Abstract
This is a case report of an 41-year-old male with obesity (body mass index 90 kg/m2), severe obstructive sleep apnea (OSA), and an apnea-hypopnea index of 90 events/h despite high bilevel positive airway pressure (BPAP). He presented to the PAP Alternatives Clinic and underwent tonsillectomy, expansion sphincter pharyngoplasty, and partial uvulectomy to improve positive airway pressure effectiveness. Postoperative BPAP retitration resolved the patient’s OSA. The patient is currently using BPAP therapy at home with improvement in both objective and self-reported OSA outcomes.
Citation:
Seay EG, Mulholland G, Dedhia RC. Upper airway surgery to rescue the “untitratable” patient with OSA and obesity. J Clin Sleep Med. 2020;16(1):149–151.
INTRODUCTION
Failed positive airway pressure (PAP) titration for obstructive sleep apnea (OSA) despite elevated pressure does occur; however, the prevalence is unknown. Cited reasons for high- pressure requirements include upper airway anatomical abnormalities (eg, tonsillar hypertrophy, deviated septum) and pathophysiological conditions (eg, allergic rhinitis), all potentially necessitating otolaryngology evaluation.1 Surgical treatment of OSA may be indicated for patients in whom primary treatments such as weight loss and PAP therapy have failed. Surgical procedures include tracheostomy, skeletal surgery (eg, maxillomandibular advancement), soft- tissue surgery (eg, uvulopalatopharyngoplasty), and upper airway stimulation. Although multilevel pharyngeal surgery has been shown to reduce OSA severity, it can also facilitate reduced PAP level requirements in patients with previous continuous positive airway pressure (CPAP) intolerance.2 No previous studies have demonstrated the use of upper airway surgery to rescue a previously “untitratable” patient. We present a case report of a patient with obesity and severe residual OSA on PAP who underwent soft-tissue surgery and achieved PAP therapy effectiveness.
REPORT OF CASE
A 41-year-old African-American male with obesity (body mass index 90 kg/m2), diabetes, hypertension, asthma, and past pulmonary embolism on apixaban was referred by his otolaryngologist for evaluation and possible surgical treatment of OSA. OSA was first diagnosed 7 years prior; however, at no time was the patient able to use CPAP consistently. His original sleep study results were unobtainable. CPAP data download revealed severe residual OSA on 13 cm H2O: an apnea-hypopnea index (AHI) of 75.7 events/h despite minimal mask leak (Table 1). Physical examination findings included 4+ palatine tonsils and a Friedman III tongue position. Treatment options were discussed including weight loss, bariatric surgery, tracheostomy, and PAP retrial. He was recommended to undergo a repeat PAP titration with transcutaneous CO2 monitoring and a mask fitting.
Table 1.
Comparison of questionnaire and positive airway pressure treatment data before and after upper airway surgery.

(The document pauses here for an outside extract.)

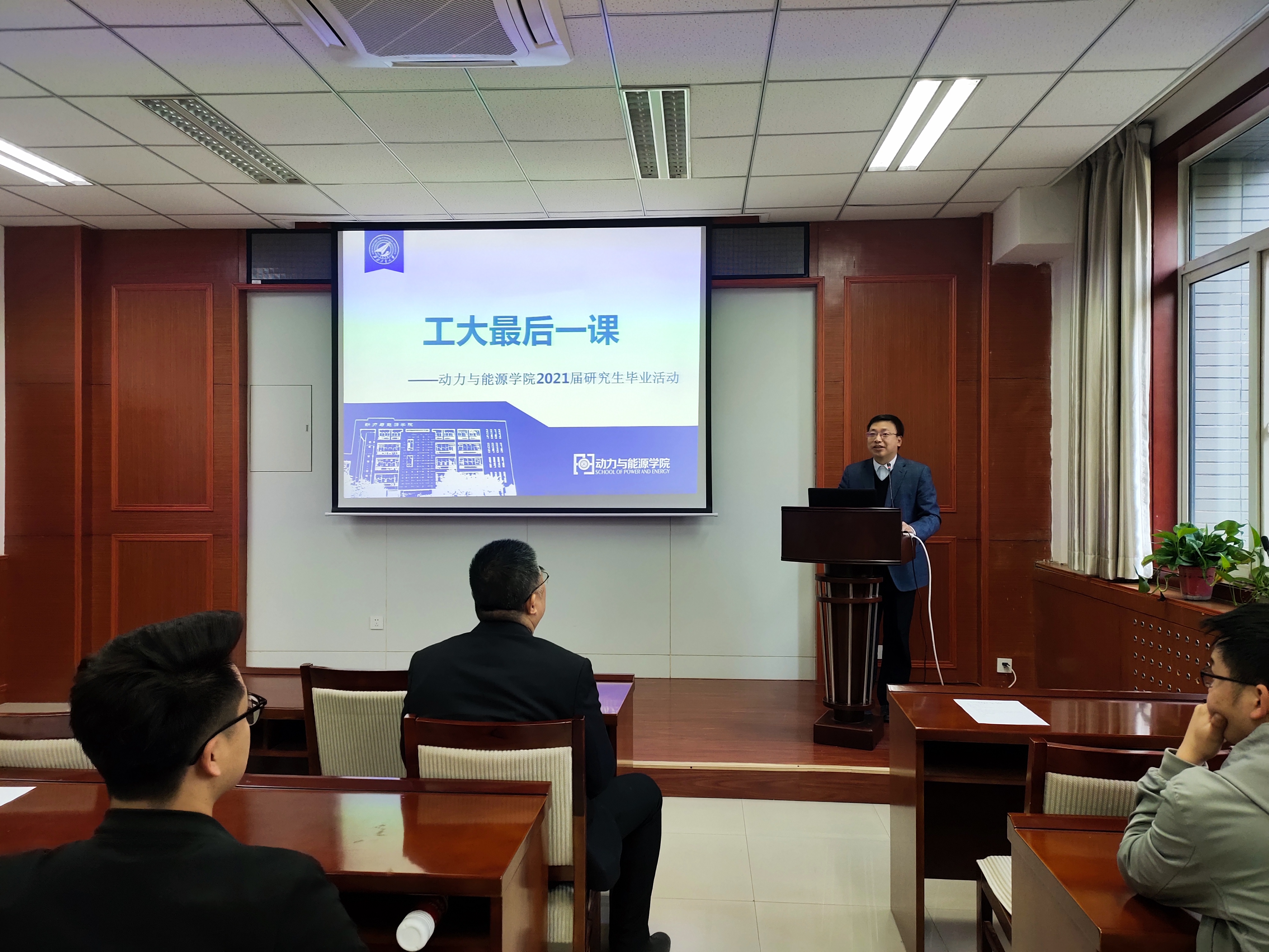2021年3月22日上午10时,新葡的京集团35222vip2021届研究生毕业活动“工大最后一课”在学院225会议室准时开启。新葡的京集团35222vip院长王占学、党委书记闫育周、学生工作办公室主任刘海涌、研究生辅导员白晓辉和学院全体2021届毕业研究生参与了活动。

PAP titration failed to establish an optimal pressure despite high CPAP and bilevel positive airway pressure (BPAP) levels (Table 1). Residual AHI was 90.1 events/h on BPAP therapy: inspiratory positive airway pressure (IPAP) of 30 cm H2O and expiratory positive airway pressure (EPAP) of 15 cm H2O. The large pressure support gap resulted from titration of IPAP for hypopneas because obstructive apneas were not observed after EPAP reached 15 cm H2O. Titration protocol was not strictly followed because the maximum recommended IPAP-EPAP differential is 10 cm H2O.
At the follow-up visit, surgical treatment options were discussed further and tracheostomy was recommended; however, the patient declined due to procedure morbidity. He instead elected to proceed with tonsillectomy, expansion sphincter pharyngoplasty, and partial uvulectomy followed by PAP retrial. The patient was optimized by the preoperative team to be cleared for anesthesia and surgery. Surgery was performed without complications. Of note, tonsillar volume was significant at 10 cc measured by water displacement. He experienced a short episode of self-limited bleeding on postoperative day 14 requiring discontinuation of apixaban for 2 days. Upon resumption of apixaban, he experienced no further issues.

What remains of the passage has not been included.